Wednesday, February 1, 2012

New Civil War stamps! Wonderful pictures for 45¢ apiece.


If the US Postal Service stays in business long enough, it will issue a pair of Civil War commemorative stamps for each year of the sesquicentennial.  The two 2011 stamps (the firing on Fort Sumter, and First Bull Run) commemorating 1861 were gorgeous, and the USPS has just announced the 2012 stamps commemorating 1862, which become available in April (after the first class letter rate goes up a penny).

As you can see above, they commemorate the capture of New Orleans and the battle of Antietam.  The New Orleans stamp uses as its illustration a detail from this Currier and Ives lithograph alternately titled "The Splendid Naval Triumph on the Mississippi, April 24th, 1862" and "Farragut's Naval Triumph on the Mississippi, 24th April, 1862," published shortly after the event.  Farragut's splendid triumph on this day was that he made it past Fort Jackson and Fort St.
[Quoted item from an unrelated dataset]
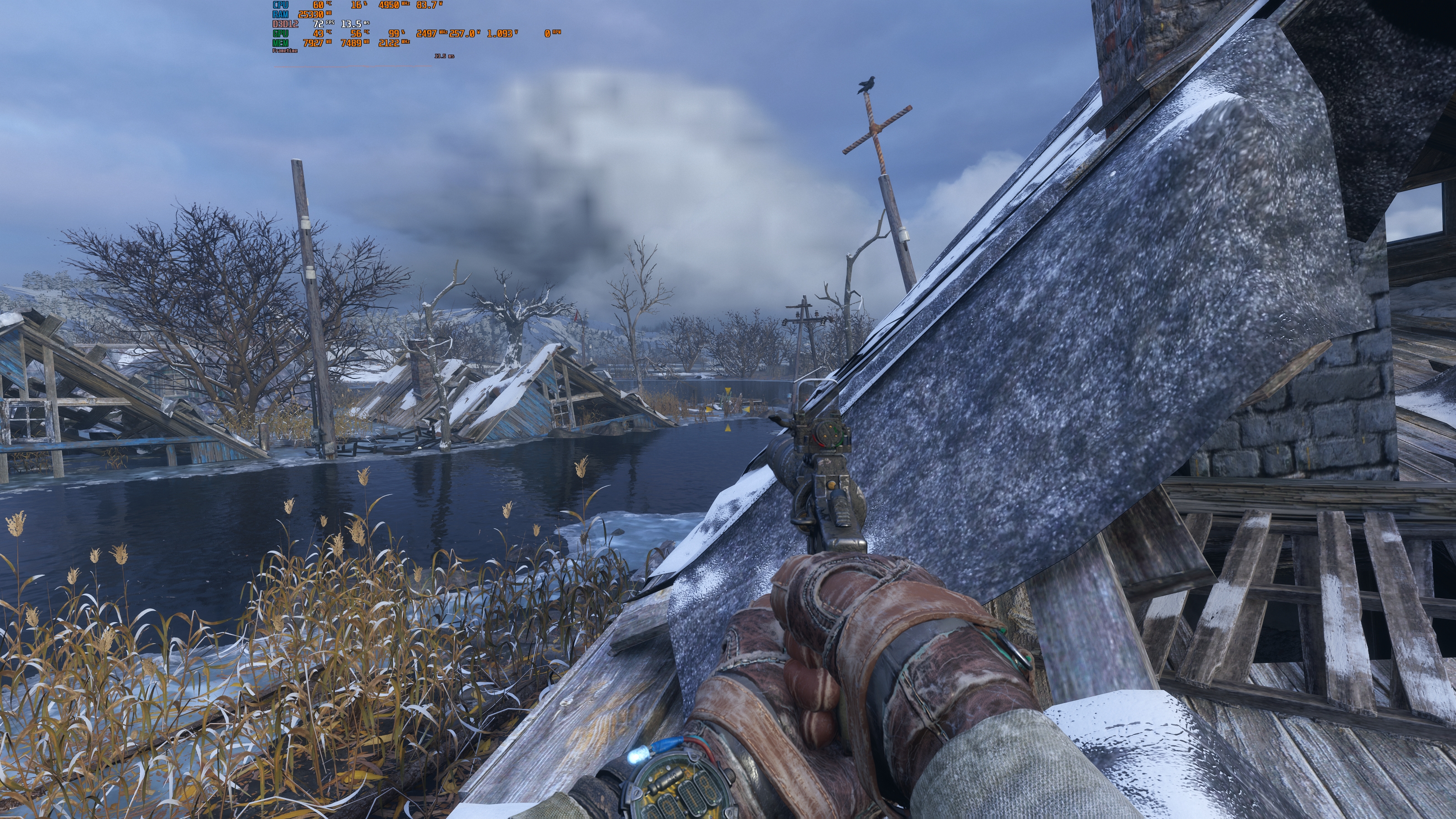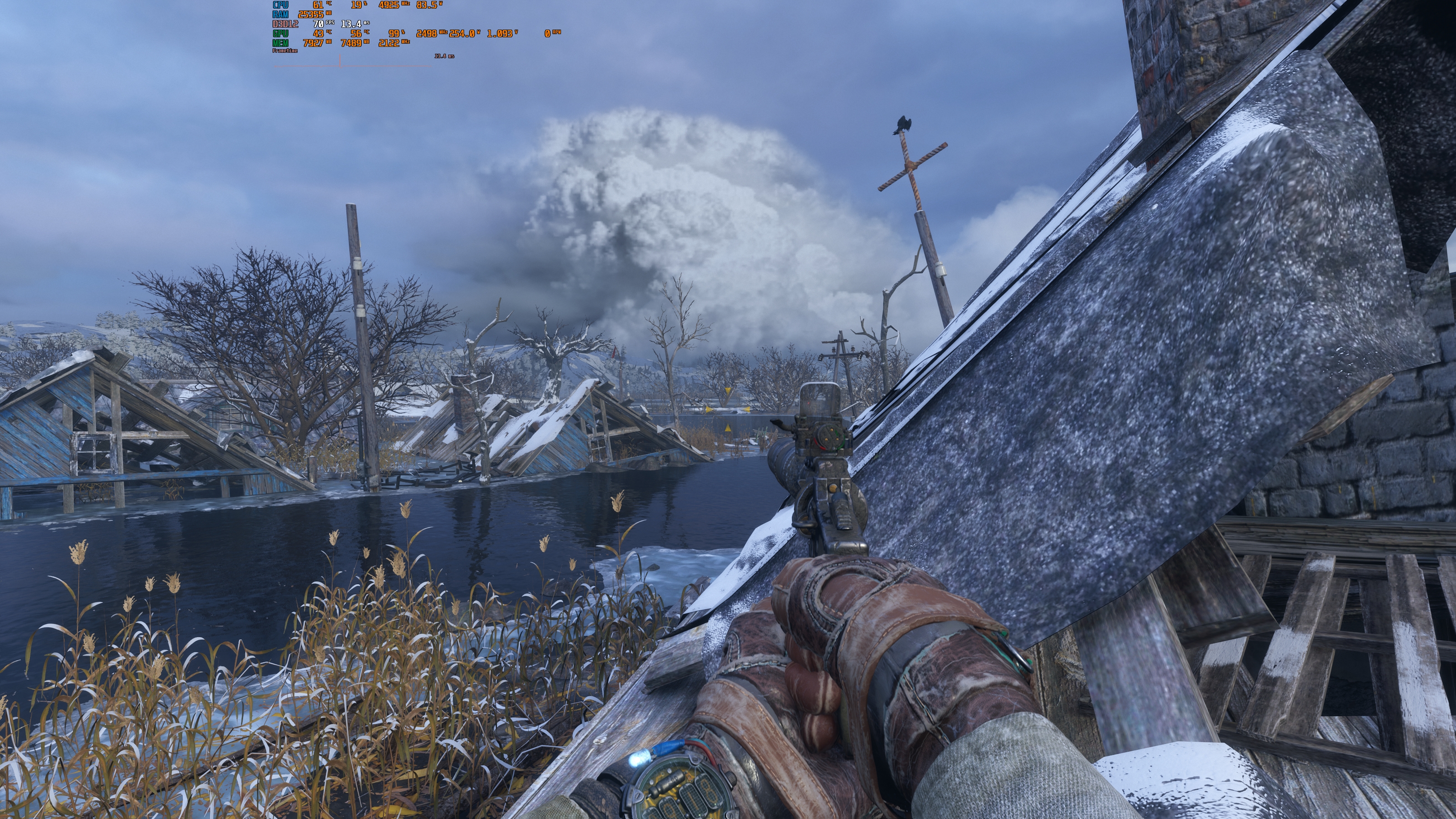 Was ist denn da mit den Wolken passiert?bad_sign schrieb:Also das interne Upscaling ist ja Shit. 3200x1600 mit Graka Upskaling auf UHD ist erheblich ruhiger, als 0,8x Resscale von Metro selbst.

Philip, both of which guarded New Orleans, thus making its surrender to Union forces inevitable.

The Antietam stamp's illustration is a powerful choice.  It's an 1887 painting called "Battle of Antietam" by Thure de Thulstrup, the Stockholm immigrant who also painted "Sheridan's Ride."   It shows the charge of the Iron Brigade of the West early in the morning on the day of the twelve-hour battle, the bloodiest day in the history of  American combat and without a doubt the most important military event of 1862.  According to the authoritative Fox's Regimental Losses, the Iron Brigade of the West, composed of five regiments from Wisconsin, Indiana and Michigan, suffered in proportion to its numbers the heaviest losses of any Union brigade in the war.

Look closely at the white building behind the fighting.   It's Dunker Church, house of worship for a pacifist anti-slavery sect of full-immersion Baptists (hence "dunkers") that lay in the midst of the battlefield.  Over 12,000 men would die that morning in the immediate vicinity of this building.  Here it is in an Alexander Gardner photograph taken two days after the battle, a photograph that Thulstrup may well have studied when making his painting 25 years later.

The Dunker Church that is today part of Antietam National Park is a reproduction; the original was destroyed by a storm in 1921.